The DU Lounge
In reply to the discussion: 5 Reasons Why Shakespeare Should Not Be Required in Schools [View all]snot
(11,818 posts)"I dare do all that may become a man"
- Uses "become" in two senses: that of actually becoming a manly man, and the other in the sense of, that outfit is becoming on you; i.e., the brave soldier Macbeth has shown the courage to do everything that a manly man should do remember, he just came from a battle in which he valiantly defeated rebels against the good King Duncan.

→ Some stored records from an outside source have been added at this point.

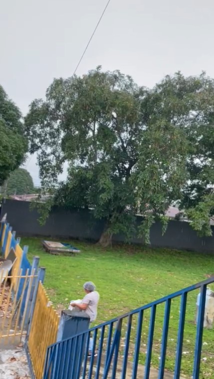 Print de vídeo mostra servidora carregando panela quente embaixo de chuva - Foto: Reprodução de vídeo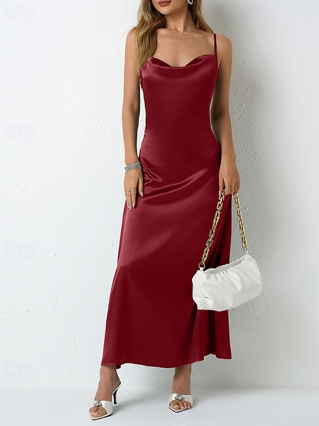 Dresses Type: Cocktail Dress, Slip Dress, Satin Dress, Party Dress, Fabric: Polyester, Gender: Women's, Design: Backless, Occasion: Evening Party, Party, Outdoor, Style: Fashion, Modern, Fit Type: Regular Fit, Dress Length Type: Midi Dress, Neckline: Straps, Sleeve Length: Sleeveless, Elasticity: Micro-elastic, Look After Me: Hand wash, Pattern: Plain, Season: Fall, Spring,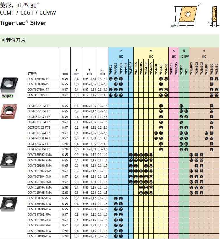 规格:CCMT060204-PF WSM20

"who dares do more is none"
- i.e., anyone man who does more, i.e. by committing the kind of violence urged by Lady Macbeth, not in service of a good leader but to murder him is not a man but something else a predatory beast, or one who is betraying and abjuring his "higher" nature as a human being.
"What beast was it then, that made you break this enterprise to me?"
This turning of Macbeth's implication against him back-handedly underlines the idea that murdering Duncan would be beastly and also confirms that Macbeth had previously discussed with Lady M. his ambitions to become king with Lady M., even via murder. But since Duncan just that day had rewarded Macbeth's valor by awarding him the title of the lead traitor whom Macbeth had defeated, Macbeth is now feeling like he might not need to murder anyone in order to advance his career (as he mused before Lady M.'s entrance, "If chance will have be king, then chance may crown me without my stir"
; plus at this point in the play, he hasn't fully suppressed his humanity that comes later (at which point for him, life has become "full of sound and fury, signifying nothing" because through the Macbeths' own actions, they have robbed their lives of everything that most humans experience as most meaningful).
"When you durst do it, then you were a man;
And, to be more than what you were, you would
Be so much more the man. Nor time nor place
Did then adhere, and yet you would make both:
They have made themselves, and that their fitness now
Does unmake you."
- Lady M.'s words confirm that they had in fact previously discussed the possibility of murdering Duncan and Macbeth had spoken as if he were ready and willing, but now, since Duncan's decided to overnight in the Macbeths' castle (and who knows when that might happen again), the perfect opportunity has presented itself without Macbeth's having to make it the time and place have made themselves, and they are here and now but she's telling him that his courage and will have evaporated and in her eyes and he's in danger of unmaking himself as a manly man.
Note, earlier in the same scene, Lady M. had said:
"From this time/ Such I account thy love. Art thou afeard/ To be the same in thine own act and valour/ As thou art in desire?"
- Lady M.'s basically saying she'll consider him a dickless wonder if he doesn't kill Duncan that night.
A number of the words and images presented in these lines tie directly and importantly to other passages and ideas in the play e.g., about identity and how it is manifested, what it means to be a man, How Lady M.'s own political ambitions have little scope in her society other than via the use of her sex in order to make Macbeth her vehicle, what constitutes real generativity, etc.